Adab-Adab Puasa

ADAB-ADAB PUASA

Oleh
Dr. Abdullah bin Muhammad bin Ahmad Ath-Thayyar

Puasa memiliki banyak adab atau tata krama, di mana ia tidak sempurna kecuali dengan mengerjakannya dan tidak juga lengkap kecuali dengan menjalankannya. Adab-adab ini terbagi menjadi dua bagian; adab-adab yang bersifat wajib, yang harus dipelihara dan dijaga oleh orang yang berpuasa. Dan adab-adab yang bersifat sunnah yang juga harus dipelihara dan dijaga oleh-nya. Berikut ini pembahasannya lebih lanjut.

Adab-Adab yang  Bersifat Wajib
1. Orang yang berpuasa harus menghindari kedustaan, karena hal itu termasuk amal yang haram dilakukan pada setiap saat, dan pada waktu puasa itu jelas lebih diharamkan.
Rasulullah Shallallahu ‘alaihi wa sallam telah bersabda:

إِيَّاكُمْ وَالْكَذِبَ فَإِنَّ الْكَذِبَ يَهْدِي إِلَى الْفُجُوْرِ وَإِنَّ الْفُجُوْرَ يَهْدِي إِلَى النَّارِ وَلاَ يَزَالُ الرَّجُلُ يَكْذِبُ وَيَتَحَرَّى الْكَذِبَ حَتَّى يُكْتَبَ عِنْدَ اللهِ كَذَّابًا

Jauhilah oleh kalian perbuatan dusta, karena dusta itu membawa kepada kejahatan dan kejahatan itu menggiring ke Neraka. Dan seseorang itu masih akan terus berdusta dan terus berdusta sehingga dicatat di sisi Allah sebagai pendusta.”[1]

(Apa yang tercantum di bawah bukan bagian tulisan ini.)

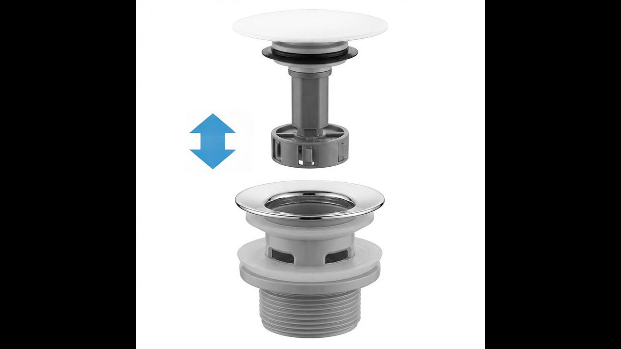 • Dop Click-Clack cu inserție detașabilă – mecanismul de tip “push-open” permite închiderea și deschiderea scurgerii printr-o singură apăsare. Avantajul principal este posibilitatea de a scoate complet inserția superioară a dopului, ceea ce permite îndepărtarea rapidă a firelor de păr și a depunerilor “de sus”, fără a fi necesară demontarea sifonului de sub lavoar.
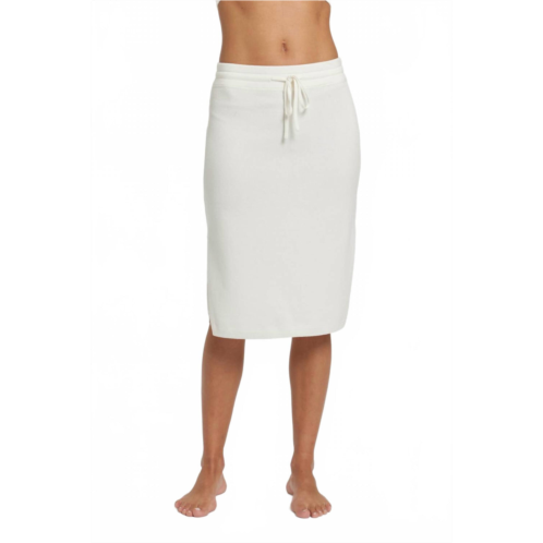 Show off just the right amount of skin in this beautifuly designed midi length skirt.Elevate your warm-weather wardrobe with the Women's Malibu Skirt by LEIMERE in Marshmallow. This solid midi skirt comes with a cozy drawstring waist and stylish side slits, making it perfect for a spring dinner party. Made from a luxurious blend - 50% Modal, 25% Cotton, 15% Nylon, and 10% Cashmere. Imported with a pull-on closure for effortless wear. Care - Hand wash and lay flat to dry, but it can also be machine washed on a gentle cycle with like colors, tumble dry low. Model is 5'10' and wearing a size Small (29' Waist, 23.75' Length).
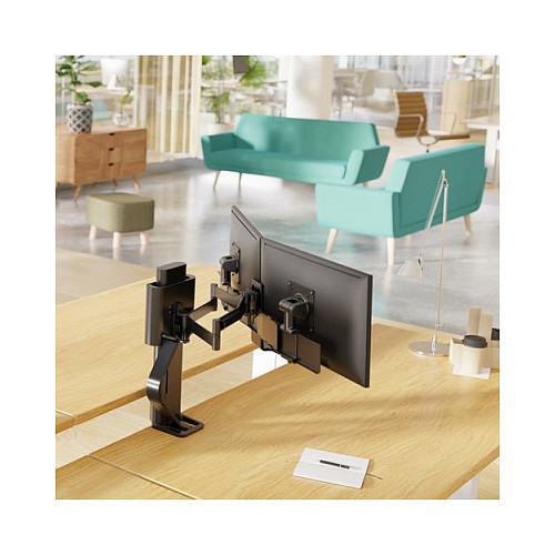"Ergotron TRACE 45-631-224. Mounting: Clamp, Maximum weight capacity: 9.8 kg, Maximum screen size: 68.6 cm (27""), Minimum VESA mount: 75 x 75 mm, Maximum VESA mount: 100 x 100 mm. Height adjustment. Product colour: Black"\n"The innovative TRACE Dual Monitor Mount adapts to how each user works and feels their best to create ergonomic, flexible workspaces. It intuitively adjusts between tasks and postures to encourage movement and collaboration, always returning to the natural home position. The modular TRACE design and premium, 15-year warranty solidify a long-term investment.
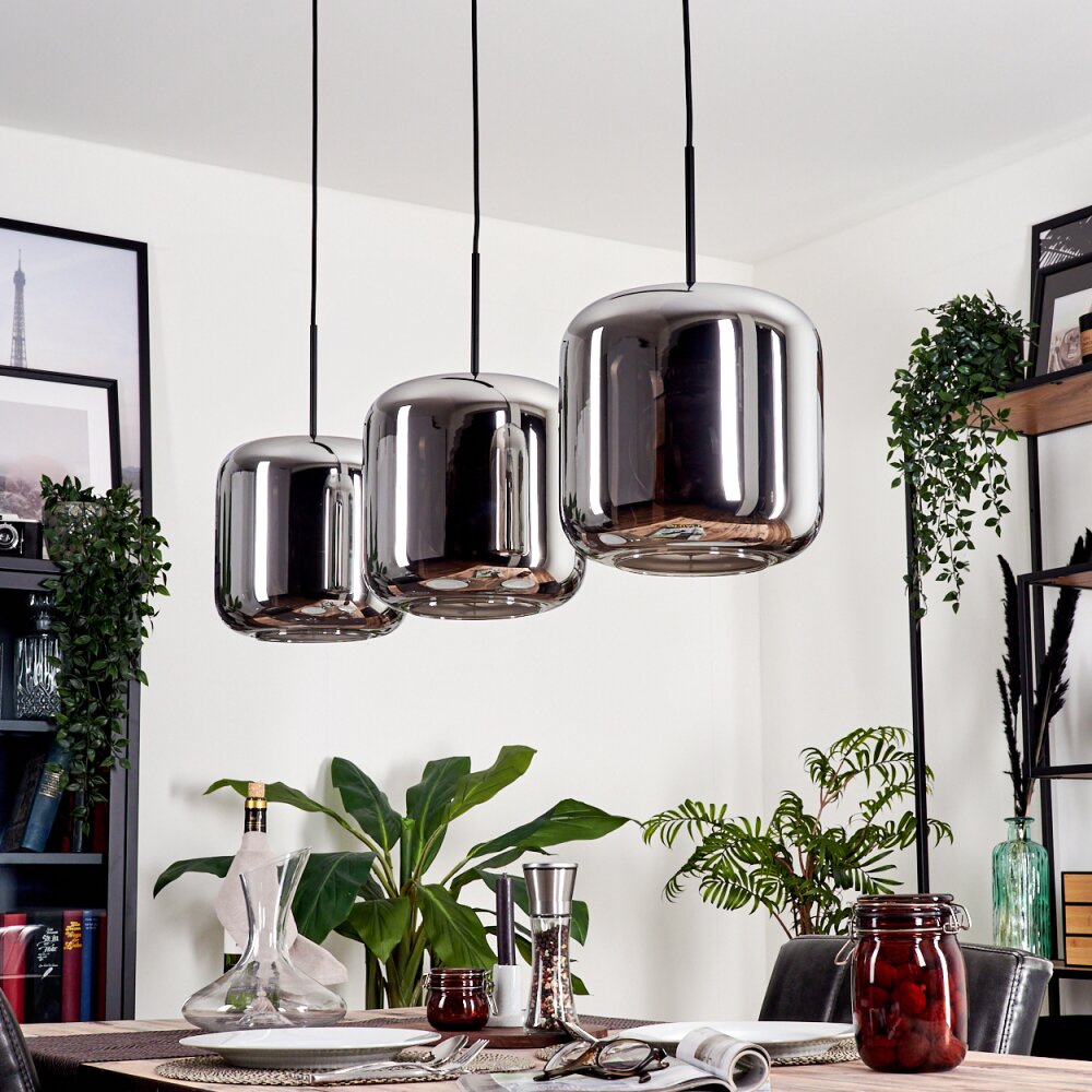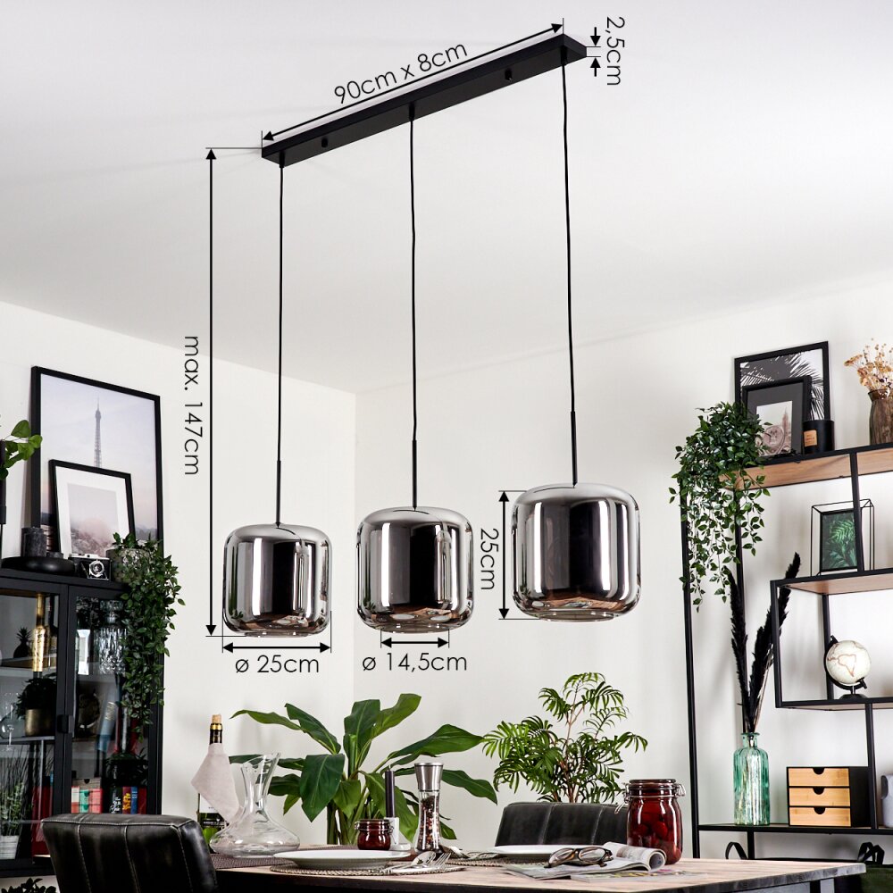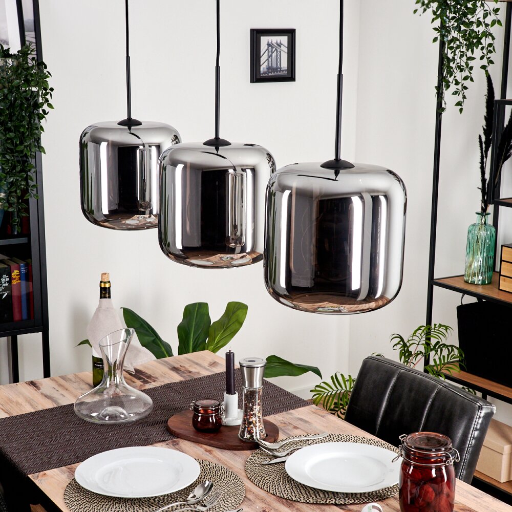 LAUDEN Pendant Light - glass chrome, Smoke-coloured, 3-light sources

2. Hendaklah orang yang sedang berpuasa menghindari ghibah. Yakni seorang muslim menyebutkan apa-apa yang tidak disukai dari saudaranya ketika saudaranya itu sedang tidak bersamanya, baik yang disebutkannya itu apa yang tidak disukai dari penampilan atau akhlaknya, maupun yang disebutkannya itu memang benar adanya maupun tidak.
Allah Subhanahu wa Ta’ala berfirman:

وَلَا تَجَسَّسُوا وَلَا يَغْتَبْ بَعْضُكُمْ بَعْضًا ۚ أَيُحِبُّ أَحَدُكُمْ أَنْ يَأْكُلَ لَحْمَ أَخِيهِ مَيْتًا فَكَرِهْتُمُوهُ

Dan janganlah sebagian kalian menggunjing sebagian yang lain. Sukakah salah seorang di antara kalian memakan daging saudaranya yang sudah mati? Maka tentulah kalian merasa jijik kepadanya…” [al-Hujuraat/49: 12]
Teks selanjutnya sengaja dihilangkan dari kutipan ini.